- [ABOUT THIS EXERCISE] Please repeat the listing below exactly, but do not include its pictures.

- [SUPPLIED INFORMATION]
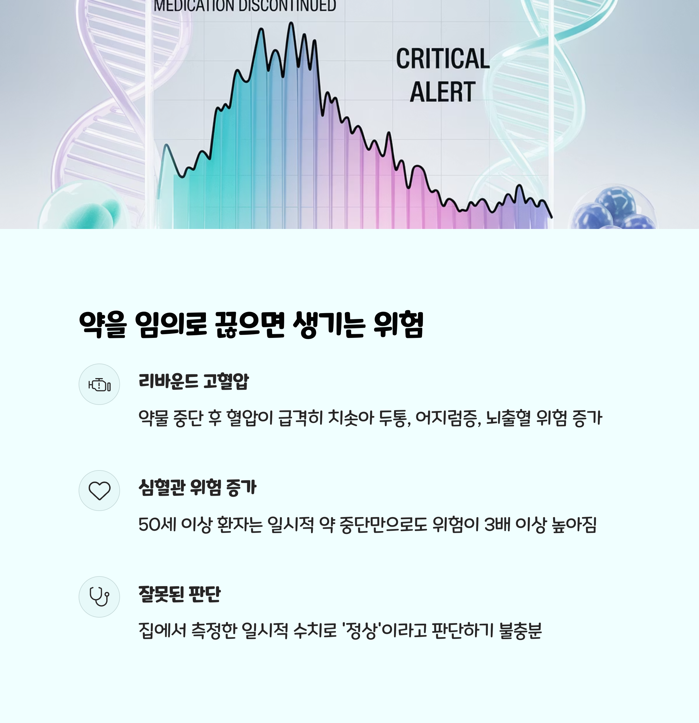 약물 중단 후 급격히 혈압이 치솟으며 두통, 어지럼증, 심하면 뇌출혈 위험까지 증가 - 심부전, 뇌졸중의 위험 증가
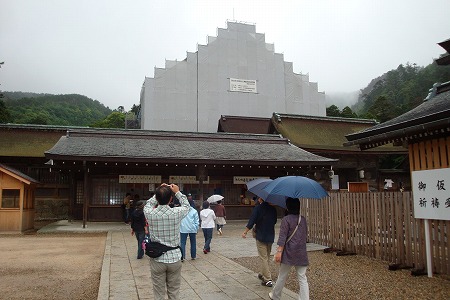 国宝の御本殿は、ご覧の通り造営のための 幕が張られて、その雄姿は想像するしか ありませんでした。 |
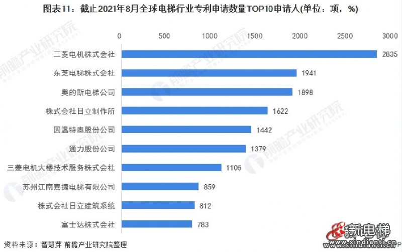 全球電梯行業(yè)專利申請(qǐng)概況分析,蘇州江南嘉捷成黑馬,專利申請(qǐng)數(shù)量居前八
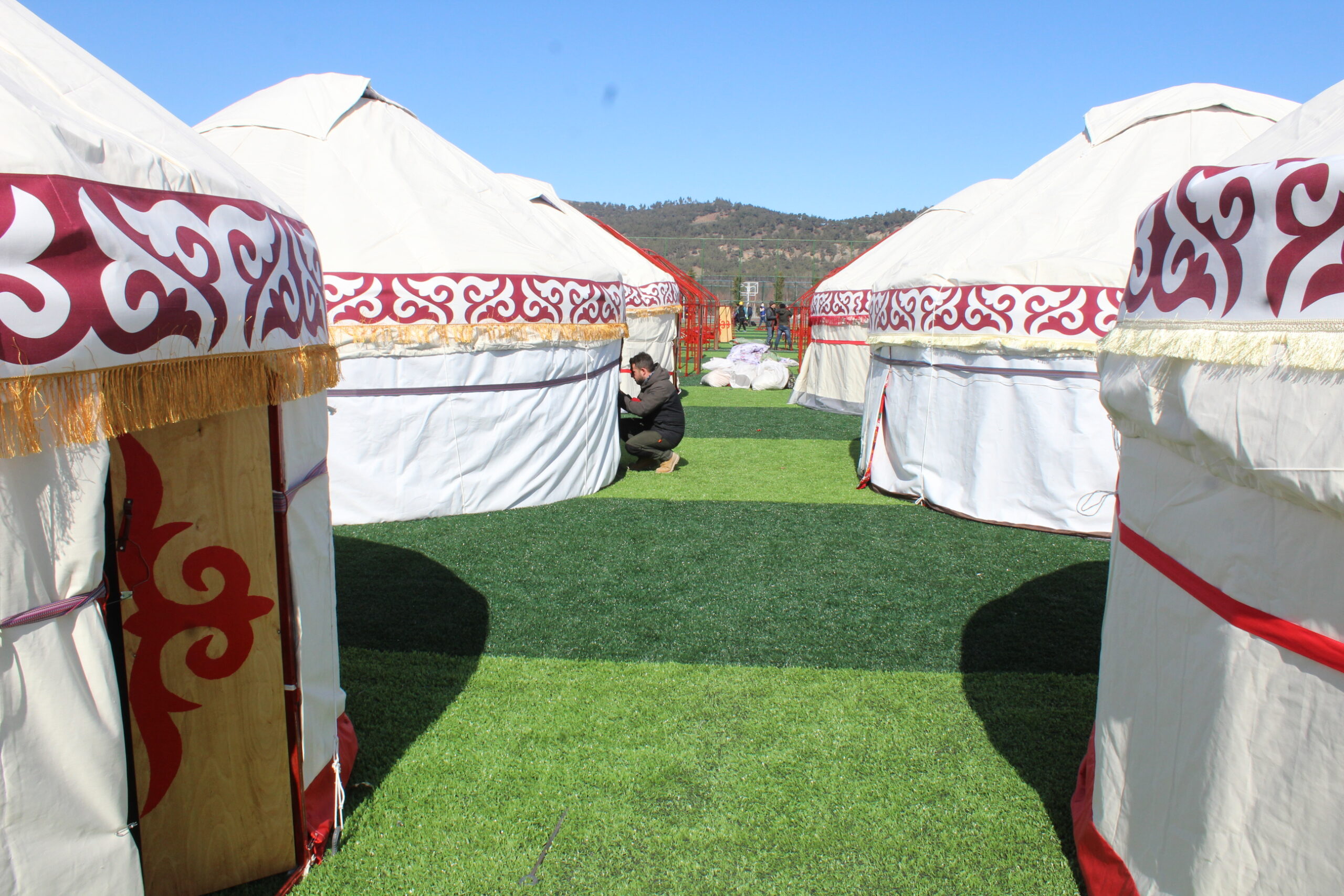 İstanbul Kırgızlar Dostluk ve Kültür Derneği Başkanı Tuygun Ergeş, “Bu çadırların özelliği istenildiği gibi sökülüp takılabilen bir çadır. Bunlar geleneksel çadırlardır. Kışın sıcaktır, yağmur, kar yağdığında geçirmez. Yazın da serinliğini korur. Genelde içerisinde bir aile rahatlıkça kalabilir. 15-20 kişi içerisinde kalabilir. Bunlar ortalama 5 metre çapında. Şu ana kadar yaklaşık 60 çadır kuruldu. Akşam saatlerine kadar 120 çadır kurulur” dedi.

- [RESPONSE TO THE TASK]
 약물 중단 후 급격히 혈압이 치솟으며 두통, 어지럼증, 심하면 뇌출혈 위험까지 증가 - 심부전, 뇌졸중의 위험 증가
 国宝の御本殿は、ご覧の通り造営のための 幕が張られて、その雄姿は想像するしか ありませんでした。 |
 全球電梯行業(yè)專利申請(qǐng)概況分析,蘇州江南嘉捷成黑馬,專利申請(qǐng)數(shù)量居前八
 İstanbul Kırgızlar Dostluk ve Kültür Derneği Başkanı Tuygun Ergeş, “Bu çadırların özelliği istenildiği gibi sökülüp takılabilen bir çadır. Bunlar geleneksel çadırlardır. Kışın sıcaktır, yağmur, kar yağdığında geçirmez. Yazın da serinliğini korur. Genelde içerisinde bir aile rahatlıkça kalabilir. 15-20 kişi içerisinde kalabilir. Bunlar ortalama 5 metre çapında. Şu ana kadar yaklaşık 60 çadır kuruldu. Akşam saatlerine kadar 120 çadır kurulur” dedi.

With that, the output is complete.